The inoculation of M. acridum was conducted as previously described. The collection of hemolymph and gut samples was conducted aseptically in a laminar hood. The control group was injected with sterile water only. The M. acridum-infected samples were collected at 96 hpi. Each sample was collected from 6 locusts, and 8 samples from each treatment were subjected to sequencing. All samples were flash-frozen in liquid nitrogen and ground using an automatic sample fast grinder JXFSTPRP-L (JingXin, JXFSTPRP-24L). Subsequent genomic DNA was isolated using the PowerFecal® Pro DNA Kits Isolation Kit (Qiagen, 51,804). The bacterial 16S rRNA gene of the V3-V4 region was PCR-amplified (ABI GeneAmp® 9700) using universal 16S rRNA gene-specific primers 338-F/806-R (Table S4). The quality of the DNA samples was checked on a 1.0% agarose gel. Paired ends (468 bp) were sequenced using the Illumina NovaSeq6000 platform by the service company Shanghai Majorbio Bio-Pharm Technology (Shanghai, China). High-quality Amplicon sequence variants (ASV) were derived and classified using DADA2. Taxonomic analysis and community diversity were conducted based on the valid data. Long-read sequencing of bacterial 16 s rRNA genes from the hemolymph sample was performed using the PacBio sequencing platform. The raw sequence data have been deposited in the Genome Sequence Archive in the National Genomics Data Center (https://ngdc.cncb.ac.cn/gsa). The assigned accession of the submission is CRA013449.

Antibiotic treatment

Axenic locusts were generated by injecting with triple antibiotic containing penicillin (50 mg/mL), streptomycin (30 mg/mL), and gentamicin (30 mg/mL) at 24 hpi with M. acridum. This procedure was repeated daily to maintain a continuous exposure of locusts to the antibiotics. Control locusts underwent the same method, but sterile water was used instead to ensure a comparable treatment.

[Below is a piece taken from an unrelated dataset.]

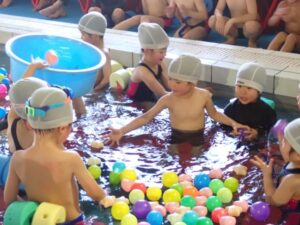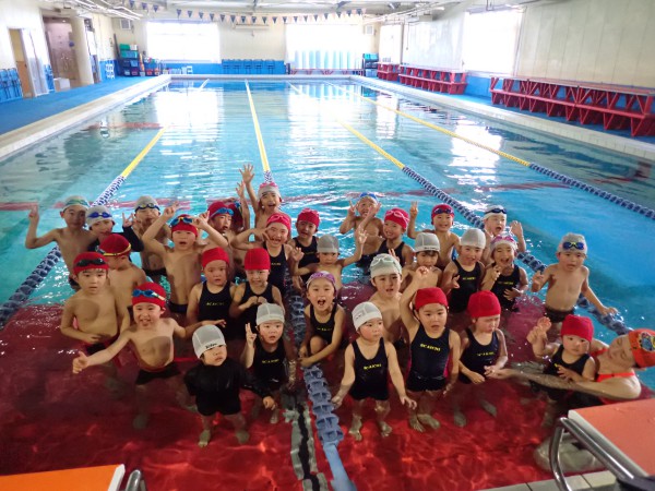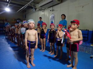 14級から10級クラスの子ども達は、それぞれの級の目標に向かって毎回意欲的に泳ぐことで、バタ足やクロールができるようになり、赤白チームで競争することができるまでになりました。

Culturable bacterial isolate identification

Bacterial strains were obtained from locust hemolymph at 96 hpi with M. acridum. The hemolymph was diluted 10,000-fold with sterile water and 100 μL aliquots were spread onto LB and MRS agar plates (90 mm). The plates were then cultured at 37 °C for 48 h. Each treatment was performed in triplicate with 10 locusts per replicate. Single bacterial colonies were identified using PCR amplification with primers 27F and 1492R (Table S4). The resulting fragments were sequenced by Tsingke (Beijing, China). The sequences were analyzed using BLAST to determine the bacterial species.

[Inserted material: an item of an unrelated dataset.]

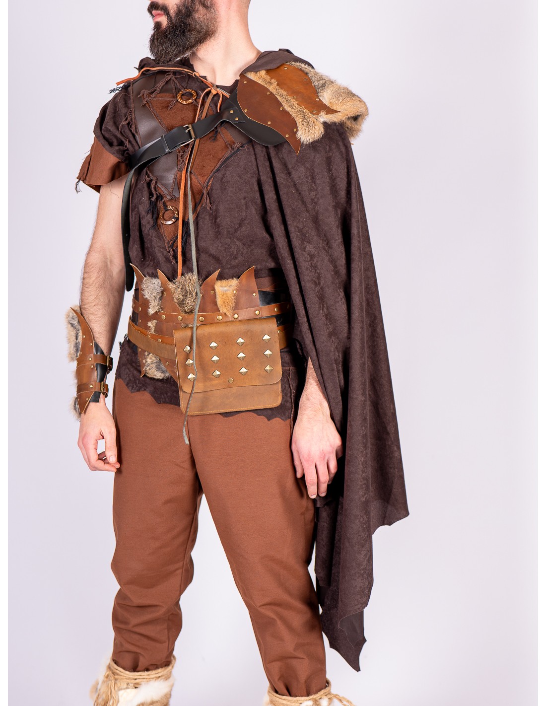 It fastens with leather straps, ensuring a comfortable and adjustable fit. The irregular hem and fur detail on the shoulders enhance its rustic appeal, pairing seamlessly with tunics and leather belts for a complete look.

Fungal-bacterial cocultivation assays

Approximately 1 × 107 spores/mL (100 μL) fungal spores (WT and either ΔMaCFEM1, ∆MaPR1 C, ∆MaCWG, and ∆MaGLUS) were grown in 30 mL ¼SDAY liquid medium at 28 ℃ while shaking at 200 rpm for 2 days. Then, the fungal cultures were inoculated with 1 mL of 0.5, 1.0, 3.0, 5.0, or 7.0 OD600 E. faecalis and P. mirabilis suspensions. The entire fungal mycelium was harvested after one day of co-culture using a suction pump. Final fungal biomass was weighed using a High Precise Electronic Balance (METTLER TOLEDO, MS2050DU). The bacterial CFU was determined by counting the number of bacterial plaques on the LB agar plate.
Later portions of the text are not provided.